I wrote a python script that detects alphabets encoded in an image. The script is using openCV\'s templateMatching to match characters/alphabets embedded in the image.
You can scan for empty space along skewed vertical lines
scan whole image
count font pixels per line
if no pixel counted then gap found (green and blue lines)
count joined gap lines (w
)
if wider or equal to threshold (3 in your case) then the found gap is gap between words (Blue lines)
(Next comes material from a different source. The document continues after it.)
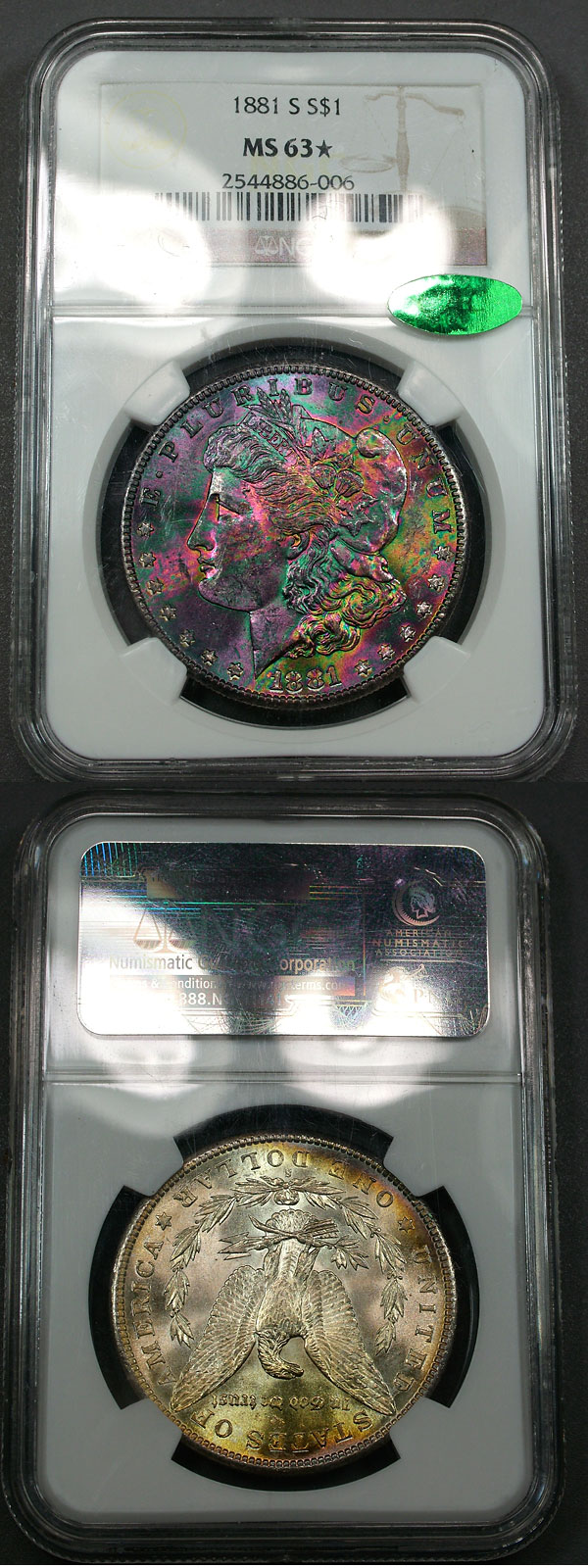 1881-S $1 NGC MS63* STAR CAC Rainbow Toned Morgan - Asteroid Belt

This is how I done it in C++:
int x,y,i,w;
picture pic0,pic1,pic2; // pic0 - original input image,pic1 output, pic2 temp
pic1=pic0; // copy input image pic0 to pic2
pic2=pic0; // copy input image pic0 to pic1
pic2.rgb2i(); // and convert to grayscale intensity
for (w=0,x=pic2.ys>>1;x<pic2.xs;x++)
{
// count pixels per skewed vertical line
for (i=0,y=0;y<pic2.ys;y++)
if (pic2.p[y][x-(y>>1)].dd<200) i++;
if (!i) w++; // increment gap width
if ((i)||(x==pic2.xs-1))
{
if (w>=3) // if gap bigger then treshold
{ // draw blue gap lines
for (i=x,x-=w;x<i;x++)
for (y=0;y<pic1.ys;y++)
pic1.p[y][x-(y>>1)].dd=0x000000FF;
}
w=0;
continue;
}
// if gap found draw green line
for (y=0;y<pic1.ys;y++)
pic1.p[y][x-(y>>1)].dd=0x0000FF00;
}
This is how the output looks like:
I used my own picture class for images so some members are:
xs,ys
are size of image in pixels
p[y][x].dd
is pixel at (x,y) position as 32 bit integer type
clear(color)
clears entire image
resize(xs,ys)
resizes image to new resolution
[notes]
This uses fixed skew angle for scanning to make this robust you need first find the skew angle and then scan along it instead.
The last gap should be also blue I forget to execute the if (w>=3)...
if last x
is processed regardless of i
. The source is already updated but image is not.